* **ABOUT THIS TASK**
Copy everything in the records exactly; the pictures stay out.

* **SUPPLIED RECORDS**
◇ ◇ ◇

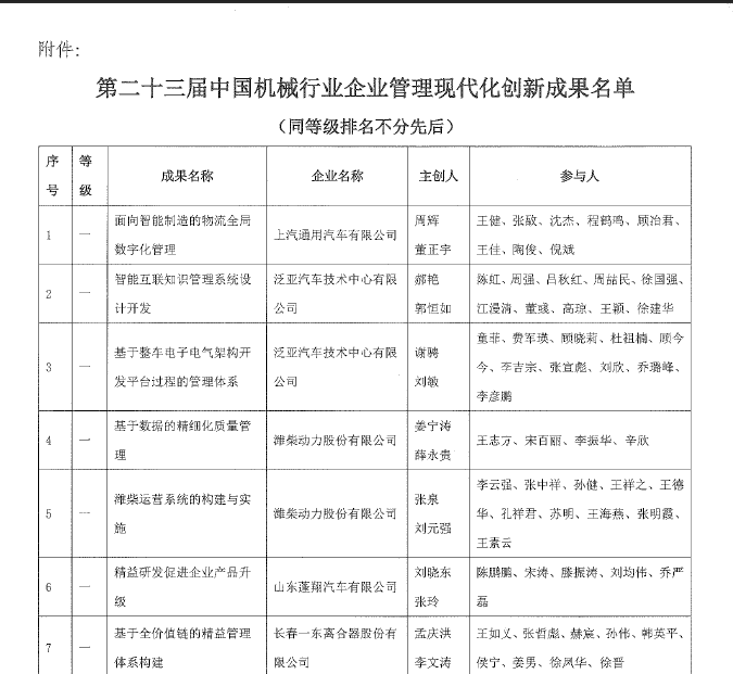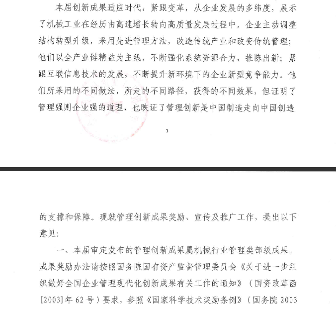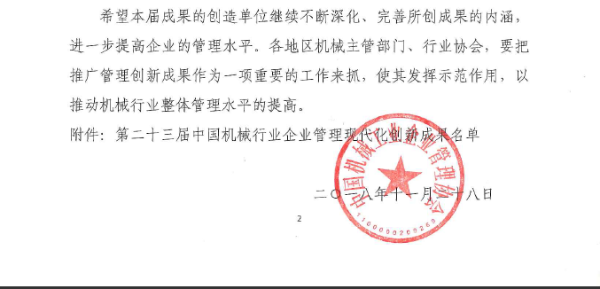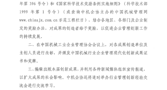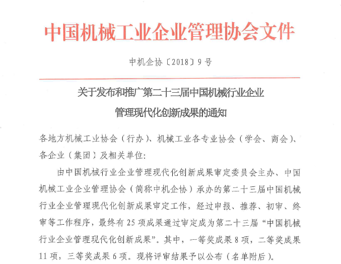 關于發(fā)布和推廣第二十三屆中國機械行業(yè)企業(yè)管理現(xiàn)代化創(chuàng)新成果的通知
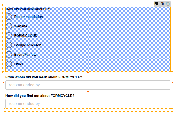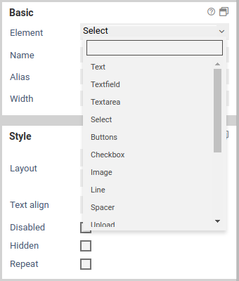 It is possible to transform existing elements in the form into other element types. While containers and fieldsets can only be transformed into the respective other element type, all other element types can be transformed into any other type, but not into containers and fieldsets.
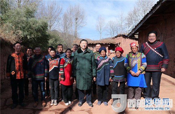 這是習(xí)近平在涼山彝族自治州昭覺(jué)縣三岔河鄉(xiāng)三河村貧困戶(hù)節(jié)列俄阿木家同鄉(xiāng)親們合影。記者 謝環(huán)馳 攝
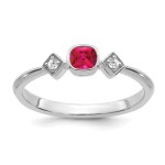 14K White Gold Cushion Ruby and Diamond Ring—elegant and timeless. Features a vibrant ruby centerpiece flanked by sparkling diamonds. Perfect for adding a touch of luxury to any occasion.
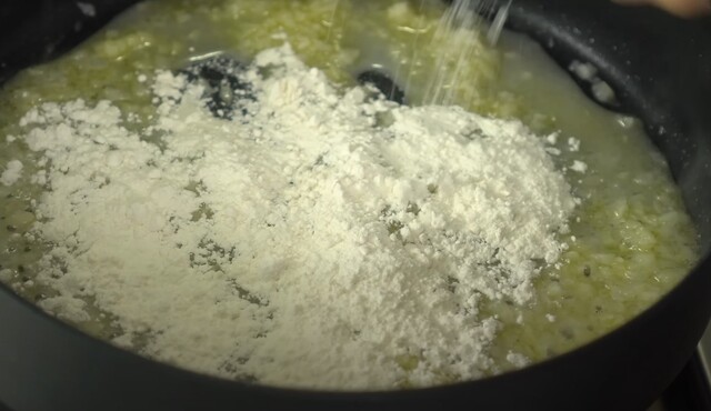 Kıvam alınca tuzunu ekleyip karıştırmaya devam edin. Bu sırada ununu ekleyin ve karıştırmaya devam edin.
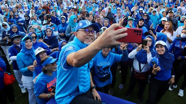 Bogor - Mendag Zulkifli Hasan (Zulhas) hadir di acara Senam Sehat Birukan Langit Indonesia di Lapangan Sempur Kota Bogor, Sabtu (14/1).
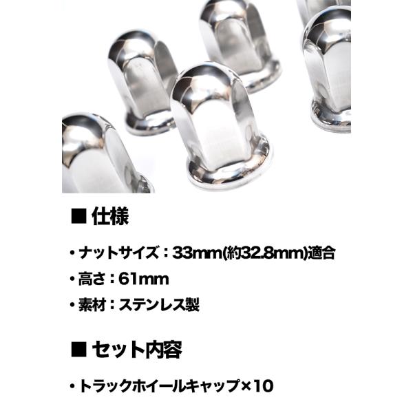 トラック ホイール ナット キャップ 10個 ステンレス 仕様 ナットサイズ 33mm 高さ 61mm タイヤ カバー 汎用 メッキ 鏡面 大型車 用
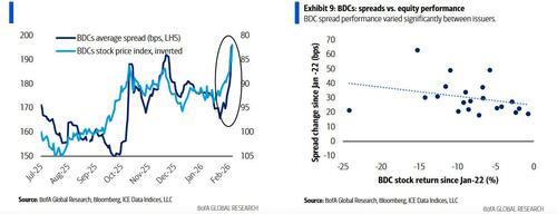 … mens softwaresvagheden samtidig spredte sig til BDC’er, da BDC IG-obligationsspændene udvidede sig omtrent i tråd med svagheden i aktierne med en bemærkelsesværdig spredning i spændperformance.
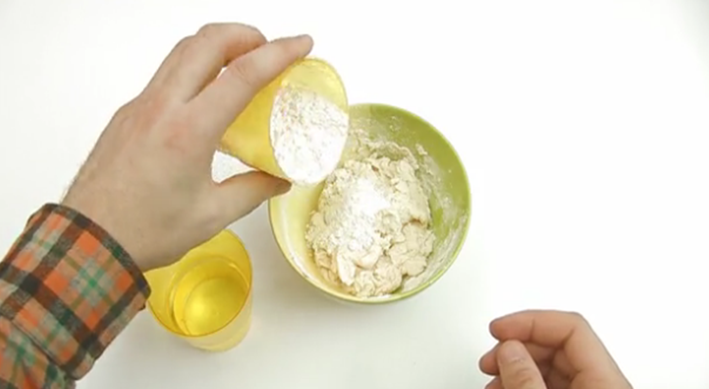3- واضبط العجينة فإذا وجدتا لينة اكثر من اللازم قم بإضافة مزيد من الدقيق وإذا وجدتها جافة أكثر من اللازم ضع المزيد من الماء.
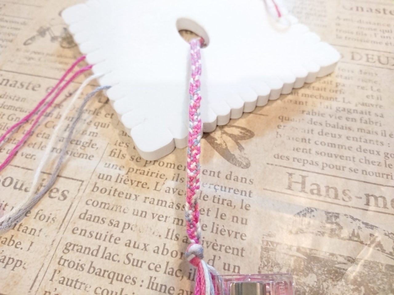 ダイソーの組みひもメーカーで、ミサンガ作り。羊毛フェルトマスコット工房 ベガのひつじ。
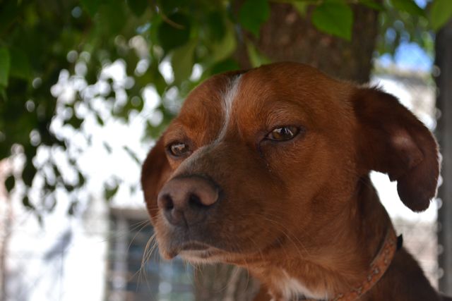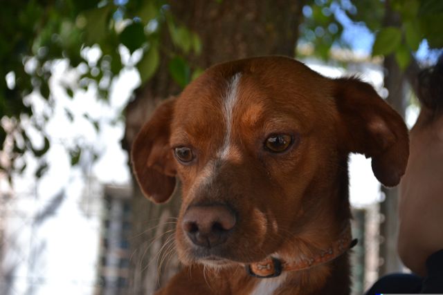 Enebro es un precioso perro de talla mediana a pequeña. Es un cielete, super bueno con personas y niños y con otros perros. A veces se deja intimidar por otros perros pero es cuestión de tiempo y dedicación que se le pase.

◇ ◇ ◇

* **ANSWER FOR THIS EXERCISE**
 關于發(fā)布和推廣第二十三屆中國機械行業(yè)企業(yè)管理現(xiàn)代化創(chuàng)新成果的通知
 It is possible to transform existing elements in the form into other element types. While containers and fieldsets can only be transformed into the respective other element type, all other element types can be transformed into any other type, but not into containers and fieldsets.
 這是習(xí)近平在涼山彝族自治州昭覺(jué)縣三岔河鄉(xiāng)三河村貧困戶(hù)節(jié)列俄阿木家同鄉(xiāng)親們合影。記者 謝環(huán)馳 攝
 14K White Gold Cushion Ruby and Diamond Ring—elegant and timeless. Features a vibrant ruby centerpiece flanked by sparkling diamonds. Perfect for adding a touch of luxury to any occasion.
 Kıvam alınca tuzunu ekleyip karıştırmaya devam edin. Bu sırada ununu ekleyin ve karıştırmaya devam edin.
 Bogor - Mendag Zulkifli Hasan (Zulhas) hadir di acara Senam Sehat Birukan Langit Indonesia di Lapangan Sempur Kota Bogor, Sabtu (14/1).
 トラック ホイール ナット キャップ 10個 ステンレス 仕様 ナットサイズ 33mm 高さ 61mm タイヤ カバー 汎用 メッキ 鏡面 大型車 用
 … mens softwaresvagheden samtidig spredte sig til BDC’er, da BDC IG-obligationsspændene udvidede sig omtrent i tråd med svagheden i aktierne med en bemærkelsesværdig spredning i spændperformance.
3- واضبط العجينة فإذا وجدتا لينة اكثر من اللازم قم بإضافة مزيد من الدقيق وإذا وجدتها جافة أكثر من اللازم ضع المزيد من الماء.
 ダイソーの組みひもメーカーで、ミサンガ作り。羊毛フェルトマスコット工房 ベガのひつじ。
 Enebro es un precioso perro de talla mediana a pequeña. Es un cielete, super bueno con personas y niños y con otros perros. A veces se deja intimidar por otros perros pero es cuestión de tiempo y dedicación que se le pase.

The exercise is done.